A participação na sessão plurilíngue na plataforma Galanet também teve início nesta segunda fase, como forma de proporcionar ao grupo uma experiência em um espaço autêntico de interação plurilíngue.

A passagem da segunda para a terceira fase marcou a transição de um trabalho que privilegiava a abordagem global para um trabalho centrado no texto, de orientação semasiológica. Esta transição foi problemática, principalmente em relação ao “ensino” da estratégia de inferência lexical, que requer um trabalho mais focado na construção de sentido das palavras em contexto – esse tipo de abordagem era incompatível com a quantidade de textos que vinham sendo trabalhados (de 3 a 4 em cada Doc) nas duas primeiras fases e com o ritmo das atividades.
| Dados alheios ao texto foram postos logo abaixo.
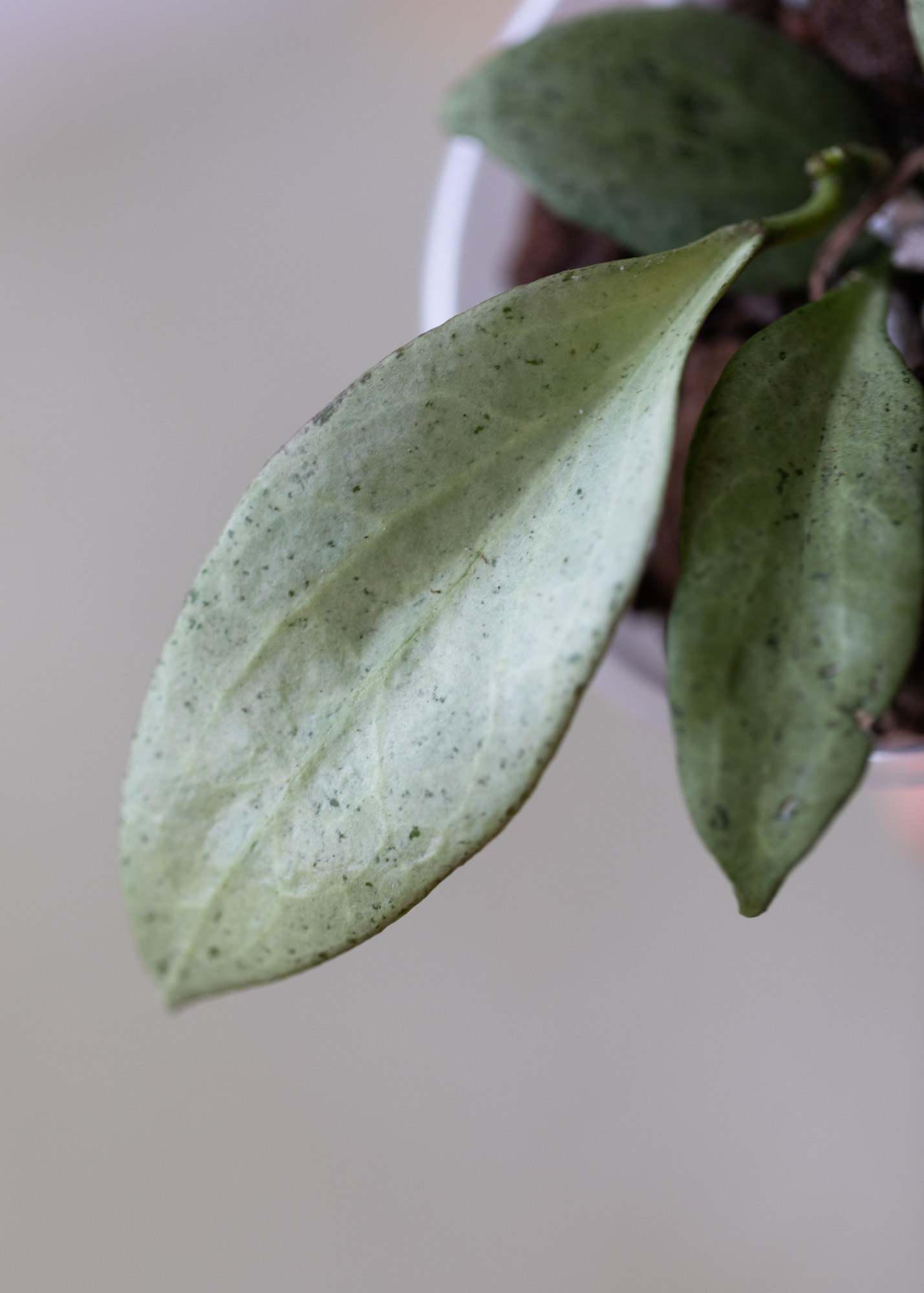 Diese außergewöhnliche Hoya begeistert mit ihren geisterhaft silbrig-grünen Blättern, die je nach Lichtverhältnissen fast schon schimmern! Die Hoya Nicholsoniae 'New Guinea Ghost' ist nicht nur eine echte Rarität, sondern auch eine unkomplizierte Kletter- oder Hängepflanze, die mit der richtigen Pflege wunderschöne, zarte Blüten hervorbringen kann.

A inferência lexical requer ainda certa tolerância à imprecisão, característica de leitores mais experientes em línguas estrangeiras, o que não era a situação dos participantes desta pesquisa. Segundo Cyr (1996 apud DEGACHE, 2012), há situações nas quais os estudantes acreditam não ter direito nem capacidade de inferir o significado de palavras desconhecidas (“adivinhar”), seja porque o sistema de ensino não os habilitou ou os proibiu de fazê-lo.
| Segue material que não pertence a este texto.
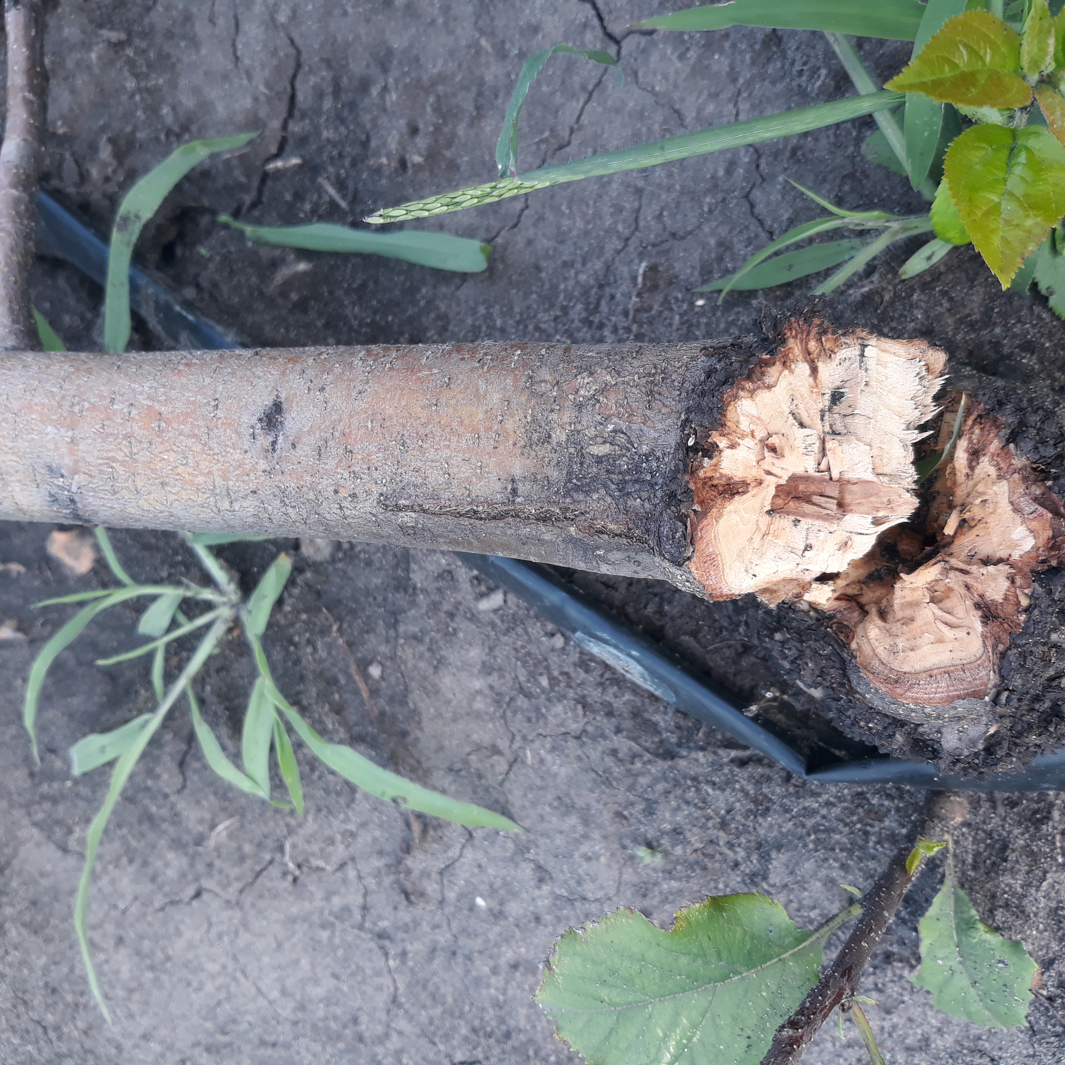 На фото отлом яблони сорта Амброзия на подвое АРМ-18 в районе бернот. Дерево (4 года) привязано к колышку. Было сигнальное плодоношение. За 4 года колышек подгнил и при ветре дерево упало. Ю. В. Косицин писал, что АРМ-18 не требует опоры. А. И. Сычев в описании подвоев на сайте "Росток АГРО", пишет, что подвой АРМ-18 имеет хрупкость в районе бернот и поэтому требует опоры. У других яблонь на этом подвое (примерно 20 штук) такого явного недостатка не наблюдается, но я начал бояться. Посажу всех на кол, как в старой России.(шутка).

Para minimizar as dificuldades desta transição, a pesquisadora-educadora usou alguns recursos pedagógicos, entre eles a atividade lúdica, que se concretizou em forma de uma gincana plurilíngue. A gincana foi uma ocasião ímpar de observação das estratégias empregadas pelos estudantes para ler os textos. Como dois grandes grupos disputaram a gincana (um grupo de 6 e outro de 7 participantes), seus integrantes tinham que negociar entre si a melhor resposta. Se algum dos integrantes tinha uma hipótese, para buscar a aprovação dos demais tinha que mostrar como havia chegado naquela solução.

Na quarta fase, demos sequência ao trabalho focado no texto, com a utilização dos indícios linguísticos de nível sintático e discursivo. Nesta fase, buscamos introduzir uma nova dinâmica de leitura, o modelo interativo, e também revisar as estratégias de leitura ensinadas anteriormente. O trabalho com o modelo interativo de leitura e os indícios de nível discursivo, no entanto, ficou prejudicado pela carga horária limitada do curso.